--- RECORDED DATA ---
┄┄┄┄┄┄┄┄┄┄┄┄┄┄┄┄┄┄┄┄

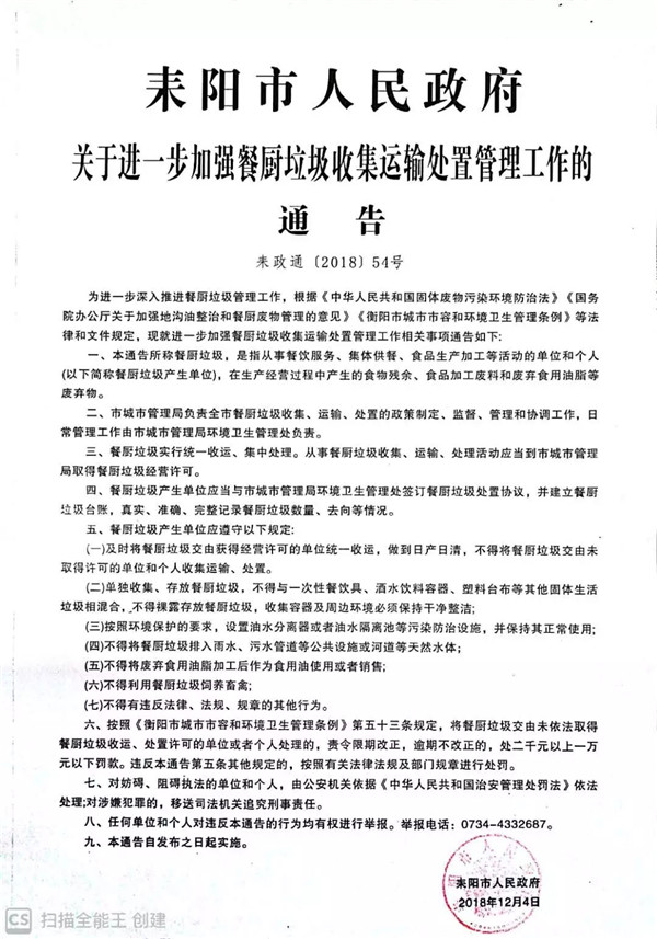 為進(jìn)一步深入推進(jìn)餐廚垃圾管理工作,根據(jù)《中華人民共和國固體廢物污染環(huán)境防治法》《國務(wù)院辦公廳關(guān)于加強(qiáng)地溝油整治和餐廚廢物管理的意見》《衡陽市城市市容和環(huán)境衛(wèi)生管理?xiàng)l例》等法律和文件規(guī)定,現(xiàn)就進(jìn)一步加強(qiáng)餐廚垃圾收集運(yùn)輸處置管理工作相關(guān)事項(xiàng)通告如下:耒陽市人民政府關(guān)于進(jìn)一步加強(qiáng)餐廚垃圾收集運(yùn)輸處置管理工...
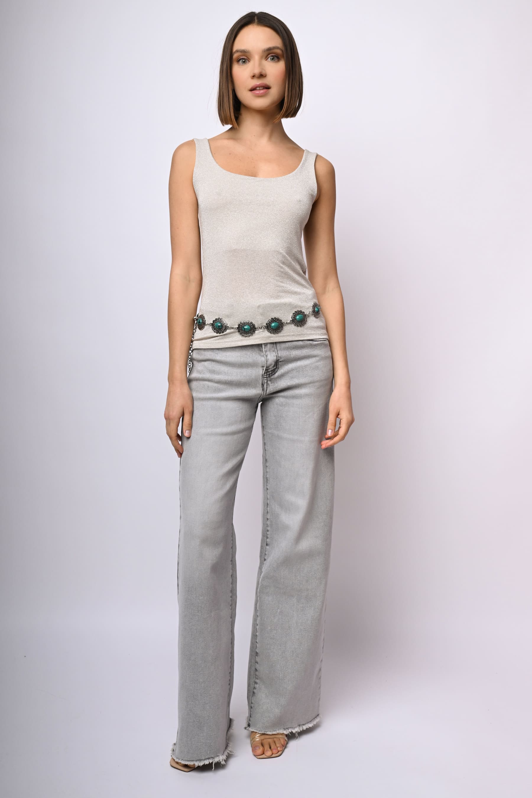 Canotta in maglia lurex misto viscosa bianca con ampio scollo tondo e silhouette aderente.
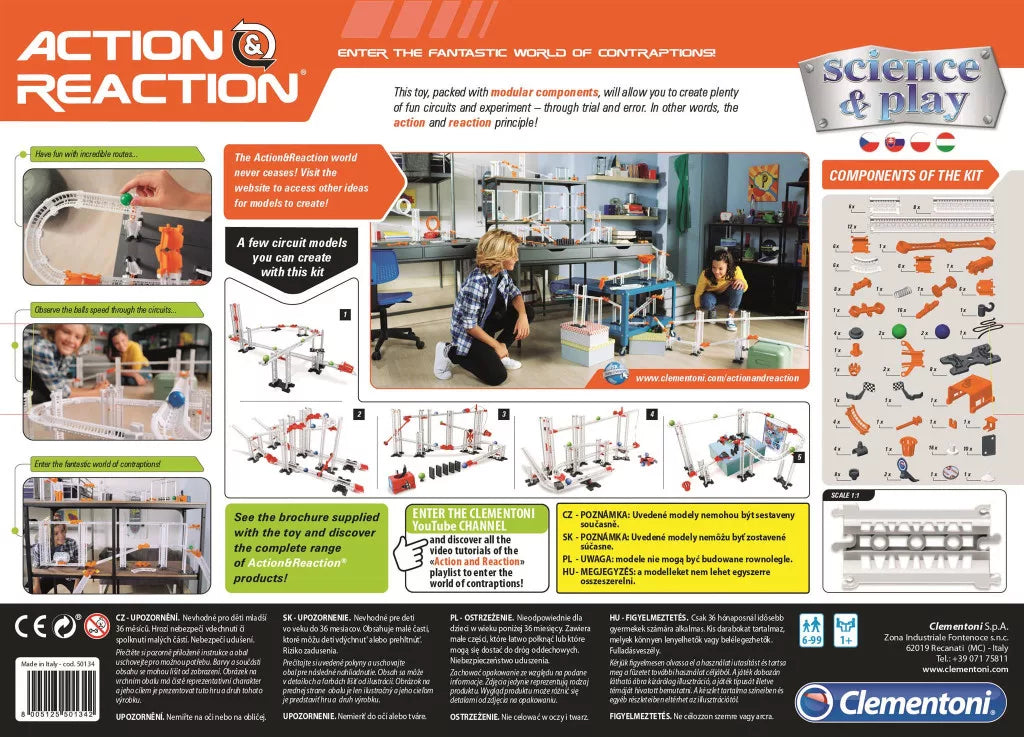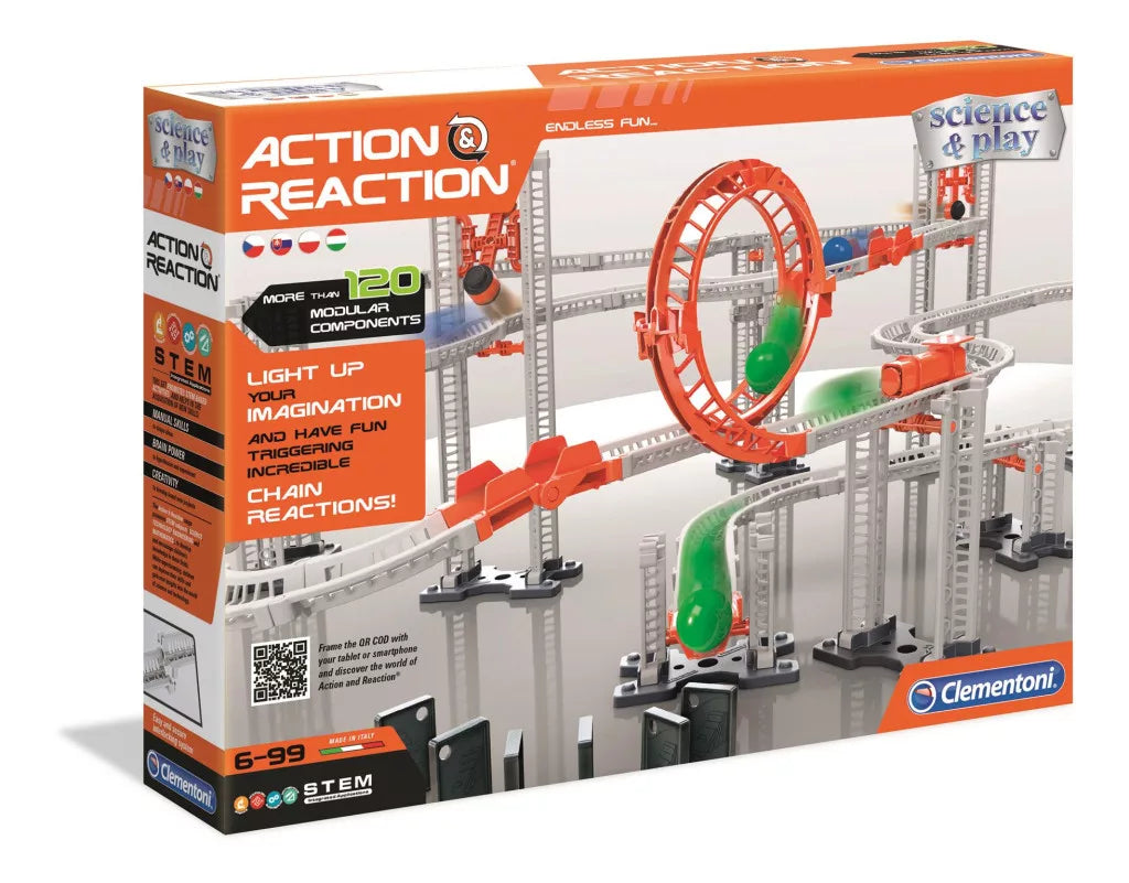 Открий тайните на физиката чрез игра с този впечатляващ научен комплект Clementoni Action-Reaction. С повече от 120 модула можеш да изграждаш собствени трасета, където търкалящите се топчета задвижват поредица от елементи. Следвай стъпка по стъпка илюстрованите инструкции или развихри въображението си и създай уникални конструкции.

┄┄┄┄┄┄┄┄┄┄┄┄┄┄┄┄┄┄┄┄

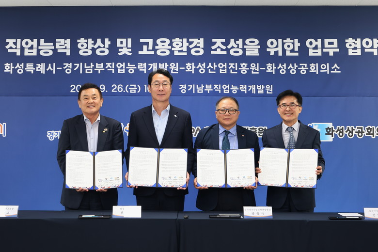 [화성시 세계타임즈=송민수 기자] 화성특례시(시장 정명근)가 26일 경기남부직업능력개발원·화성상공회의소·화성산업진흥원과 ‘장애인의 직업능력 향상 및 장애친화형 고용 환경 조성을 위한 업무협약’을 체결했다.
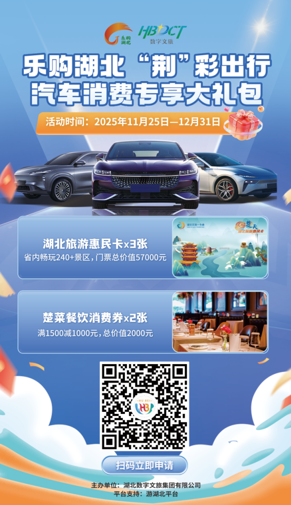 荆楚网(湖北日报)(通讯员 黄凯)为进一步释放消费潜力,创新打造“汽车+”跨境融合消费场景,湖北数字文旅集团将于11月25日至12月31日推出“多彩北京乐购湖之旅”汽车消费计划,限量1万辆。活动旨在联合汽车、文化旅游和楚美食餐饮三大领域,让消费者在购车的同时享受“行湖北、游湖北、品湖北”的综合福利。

┄┄┄┄┄┄┄┄┄┄┄┄┄┄┄┄┄┄┄┄

--- WHAT THE TASK REQUIRES ---
All that should be printed is the run of lines above from the one with "[화성시 세계타임즈=송민수 기자]" through the one with "荆楚网(湖北日报)(通讯员 黄凯)为进一", both included, exactly as given, with pictures left out.

--- EXERCISE RESPONSE ---
 [화성시 세계타임즈=송민수 기자] 화성특례시(시장 정명근)가 26일 경기남부직업능력개발원·화성상공회의소·화성산업진흥원과 ‘장애인의 직업능력 향상 및 장애친화형 고용 환경 조성을 위한 업무협약’을 체결했다.
 荆楚网(湖北日报)(通讯员 黄凯)为进一步释放消费潜力,创新打造“汽车+”跨境融合消费场景,湖北数字文旅集团将于11月25日至12月31日推出“多彩北京乐购湖之旅”汽车消费计划,限量1万辆。活动旨在联合汽车、文化旅游和楚美食餐饮三大领域,让消费者在购车的同时享受“行湖北、游湖北、品湖北”的综合福利。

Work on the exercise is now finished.